[SUPPLIED MATERIAL Boundary: Start]

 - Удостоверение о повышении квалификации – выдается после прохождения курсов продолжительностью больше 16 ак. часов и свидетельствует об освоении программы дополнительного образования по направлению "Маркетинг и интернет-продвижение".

[SUPPLIED MATERIAL Boundary: End]
[SUPPLIED MATERIAL Boundary: Start]

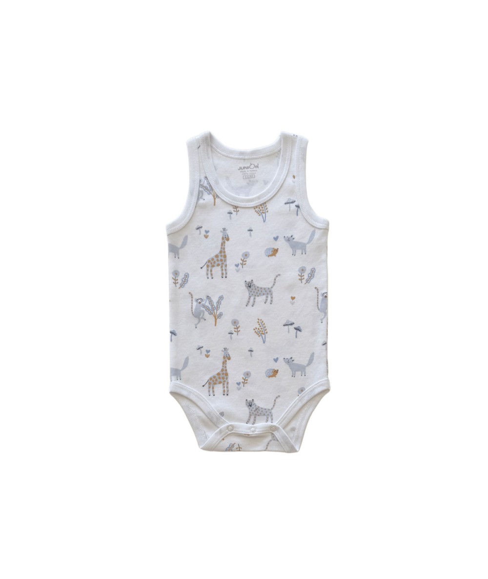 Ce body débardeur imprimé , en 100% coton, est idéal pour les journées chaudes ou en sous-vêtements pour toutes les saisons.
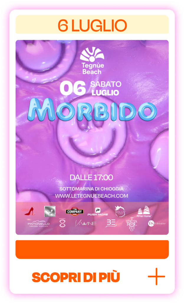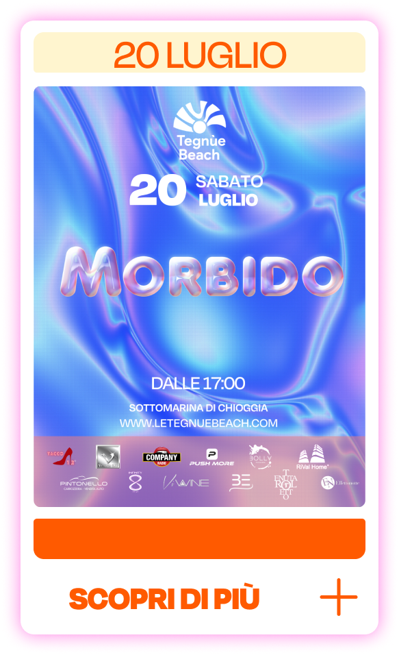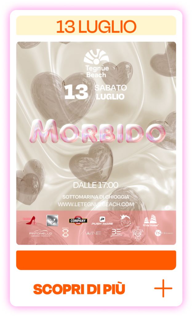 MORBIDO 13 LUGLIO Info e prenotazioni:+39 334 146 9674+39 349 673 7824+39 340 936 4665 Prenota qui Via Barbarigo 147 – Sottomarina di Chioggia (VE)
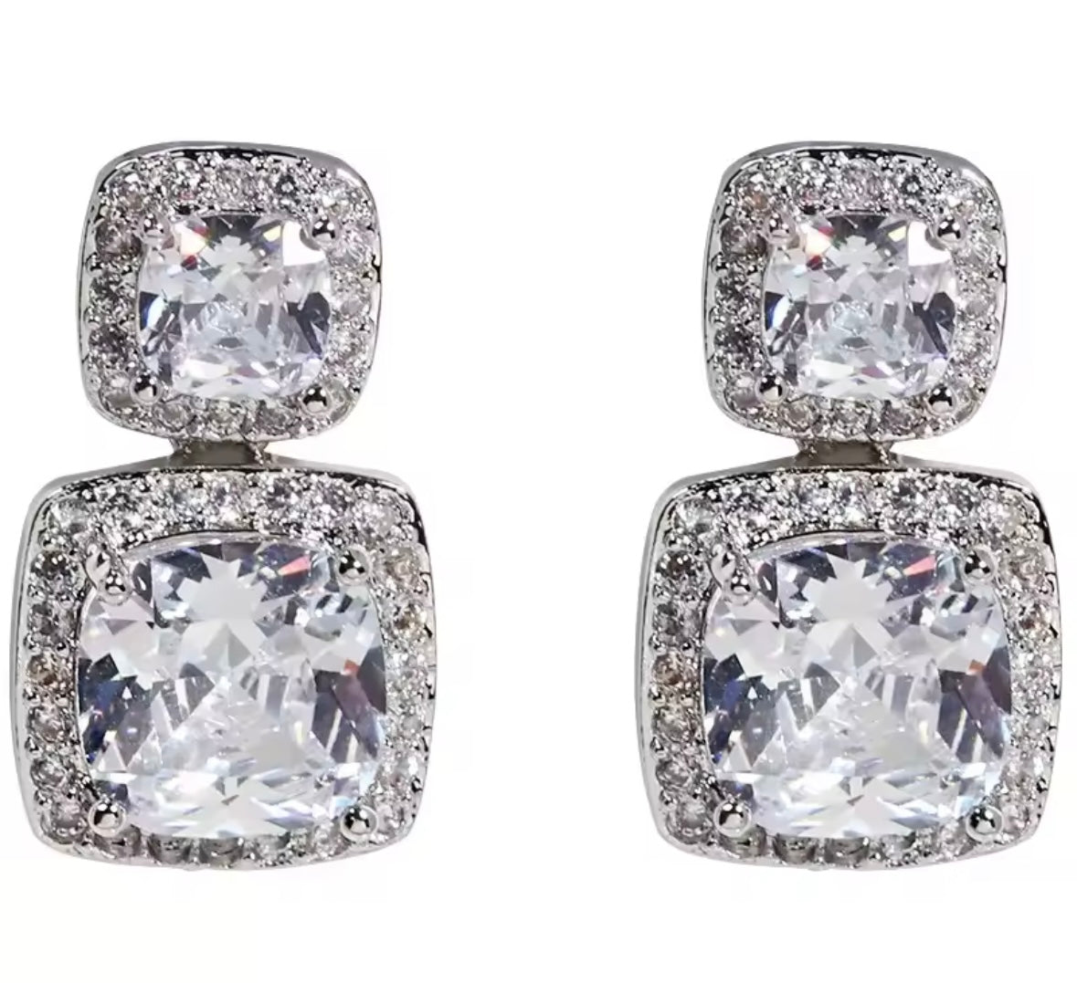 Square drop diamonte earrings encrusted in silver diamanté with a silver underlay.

[SUPPLIED MATERIAL Boundary: End]

ASSIGNMENT:
Write out again exactly the lines above from the one with "MORBIDO 13 LUGLIO" through the one with "Square drop diamonte", adding no other lines and no pictures.

RESULT OF THE TASK:
 MORBIDO 13 LUGLIO Info e prenotazioni:+39 334 146 9674+39 349 673 7824+39 340 936 4665 Prenota qui Via Barbarigo 147 – Sottomarina di Chioggia (VE)
 Square drop diamonte earrings encrusted in silver diamanté with a silver underlay.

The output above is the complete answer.